Tumor growth induces changes in the phenotype and cytotoxic capacity of LN-derived T cells
Phenotypically activated T cells (CD4+CD25+Foxp3−) increased among the CD4+ population during IMM and decreased in ADV, both in TDLN and nTDLN. Whereas activated T cells decreased, the proportion of CD4+CD25+Foxp3+ regulatory T cells (T-reg) augmented, reaching significance in ADV, as did the CD4+CD25−Foxp3+ subset, which has been described as a reservoir [24] or dividing T-reg [25] (Fig. 3a). Although in low percentage, CD4+CD25+ T cells isolated from the TDLN during IMM were able to inhibit proliferation of conventional T cells (Fig. 3b).
Fig. 3.
The LN proportion of activated CD4+CD25+Foxp3− T cells increases during IMM, while CD4+CD25+Foxp3+ regulatory T cells increase during ADV. Regulatory T cells isolated from tumor-bearing mice LN exhibit inhibitory function. a Dot plots from one reproducible experiment show CD25 versus Foxp3 positive cells, gated within CD4+ cells. Rectangles show increased proportion of activated T cells (CD25+Foxp3−/CD4+) in IMM and T-reg (Foxp3+/CD4+) in ADV. b Bars show the inhibitory effect of T-reg obtained from IMM TDLN on the proliferation of CD4+CD25− T cells in the presence of anti-CD3 and anti-CD28 stimulation. Representative data from one of two experiments is shown (n = 6)

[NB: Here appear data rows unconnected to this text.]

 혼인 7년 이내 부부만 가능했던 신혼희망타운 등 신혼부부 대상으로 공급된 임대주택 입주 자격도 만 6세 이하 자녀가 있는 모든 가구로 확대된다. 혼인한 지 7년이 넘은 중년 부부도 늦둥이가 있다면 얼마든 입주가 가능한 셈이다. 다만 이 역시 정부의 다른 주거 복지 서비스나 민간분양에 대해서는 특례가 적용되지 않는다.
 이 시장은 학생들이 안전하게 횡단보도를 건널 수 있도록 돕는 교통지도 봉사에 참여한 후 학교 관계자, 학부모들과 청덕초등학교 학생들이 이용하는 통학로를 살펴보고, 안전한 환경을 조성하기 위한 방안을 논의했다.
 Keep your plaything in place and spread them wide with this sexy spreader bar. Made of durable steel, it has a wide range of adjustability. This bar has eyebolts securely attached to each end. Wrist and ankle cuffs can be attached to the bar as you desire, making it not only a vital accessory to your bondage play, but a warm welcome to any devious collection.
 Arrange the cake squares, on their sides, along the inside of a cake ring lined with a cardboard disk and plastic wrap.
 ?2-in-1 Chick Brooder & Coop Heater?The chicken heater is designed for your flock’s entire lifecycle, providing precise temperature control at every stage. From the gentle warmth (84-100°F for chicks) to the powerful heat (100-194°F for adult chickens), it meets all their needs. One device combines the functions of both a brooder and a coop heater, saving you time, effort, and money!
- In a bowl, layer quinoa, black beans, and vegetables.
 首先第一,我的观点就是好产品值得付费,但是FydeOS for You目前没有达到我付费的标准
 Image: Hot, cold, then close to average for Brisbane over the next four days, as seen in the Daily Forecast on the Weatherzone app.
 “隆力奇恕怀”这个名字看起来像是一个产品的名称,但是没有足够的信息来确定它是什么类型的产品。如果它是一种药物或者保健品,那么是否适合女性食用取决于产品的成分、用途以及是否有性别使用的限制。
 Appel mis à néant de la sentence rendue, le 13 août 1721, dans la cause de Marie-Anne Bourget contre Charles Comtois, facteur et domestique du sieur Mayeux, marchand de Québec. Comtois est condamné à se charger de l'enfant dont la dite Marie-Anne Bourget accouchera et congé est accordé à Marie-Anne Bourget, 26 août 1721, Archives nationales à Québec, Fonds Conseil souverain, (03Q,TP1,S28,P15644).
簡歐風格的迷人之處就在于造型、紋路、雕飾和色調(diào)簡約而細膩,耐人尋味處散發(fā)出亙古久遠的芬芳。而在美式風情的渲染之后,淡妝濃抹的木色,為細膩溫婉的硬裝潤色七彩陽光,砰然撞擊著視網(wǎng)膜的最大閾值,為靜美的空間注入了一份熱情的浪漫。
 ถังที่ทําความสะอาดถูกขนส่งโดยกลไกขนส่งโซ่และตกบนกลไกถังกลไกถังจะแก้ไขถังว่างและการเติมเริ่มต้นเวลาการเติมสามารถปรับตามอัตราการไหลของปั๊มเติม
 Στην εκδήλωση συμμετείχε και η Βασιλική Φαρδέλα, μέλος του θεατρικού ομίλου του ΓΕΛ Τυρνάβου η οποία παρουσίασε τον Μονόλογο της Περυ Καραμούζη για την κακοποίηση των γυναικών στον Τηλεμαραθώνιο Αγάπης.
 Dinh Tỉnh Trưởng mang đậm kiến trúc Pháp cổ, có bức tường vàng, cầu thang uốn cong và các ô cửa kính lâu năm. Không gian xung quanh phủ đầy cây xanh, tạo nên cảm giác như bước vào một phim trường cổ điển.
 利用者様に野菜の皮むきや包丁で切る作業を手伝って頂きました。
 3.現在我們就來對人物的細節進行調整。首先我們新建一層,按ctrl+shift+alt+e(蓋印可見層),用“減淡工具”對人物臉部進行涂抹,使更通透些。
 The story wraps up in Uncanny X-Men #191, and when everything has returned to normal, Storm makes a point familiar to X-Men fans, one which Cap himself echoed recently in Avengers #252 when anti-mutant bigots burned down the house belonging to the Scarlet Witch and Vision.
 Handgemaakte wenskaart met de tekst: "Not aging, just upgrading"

On the other hand, the number of CD8+ T lymphocytes expressing CD25 increased during IMM suggesting activation (no. CD25+CD8+ T cells × 103: normal, 21.4 ± 5.6; IMM, 62.4 ± 21.6*; ADV, 28.1 ± 6.6). The expression of Foxp3 in CD8+ T cells was null.
Anti-MCC cytotoxicity was evaluated by studying the ability of LN-derived cells to kill MCC cells in vitro [16]. Cultured TDLN and nTDLN cells from IMM and ADV exhibited enhanced percentage of specific cytotoxicity compared with normal mice (% mean ± SD: normal, 12.3 ± 0.7; IMMTDLN, 29.8 ± 0.7***; IMMnTDLN, 27.8 ± 4.3**; ADVTDLN, 28.5 ± 0.9***; ADVnTDLN, 29.4 ± 3.6**; data from a reproducible experiment, n = 3 mice/group).
Tumor growth induces changes in the cytokine profile of lymph nodes and sera
The local cytokine milieu has a significant impact on immune cell maturation and function (i.e., immune suppressive [21, 22, 26] or stimulatory [27]). To study the involvement of most important cytokines in the immune response to MCC, sera from tumor-bearing mice, and tumor and LN culture supernatants, were examined for the presence of IL-10, IFN-γ, IL-12 and TGF-β. No stimulatory cytokines IL-12 or IFN-γ were detected in tumor bearers’ sera or supernatants at any time point. With respect to suppressive cytokines, significant amounts of IL-10 were secreted by LN cells obtained during IMM and ADV stimulated in vitro with tumor lysate (normal, 235.3 ± 25; IMMTDLN, 367.2 ± 45***; IMMnTDLN, 354 ± 41***; ADVTDLN, 367.2 ± 17***; ADVnTDLN, 310.7 ± 12** pg/ml IL-10), whereas TGF-β was detected in IMM and ADV sera and in MCC culture supernatant (2,883 ± 536; 2,838 ± 610 and 1,988 ± 604 pg/ml TGF-β, respectively) and was undetectable in sera from normal mice (<62 pg/ml TGF-β). Data were obtained from two separate experiments with 5–6 mice per group.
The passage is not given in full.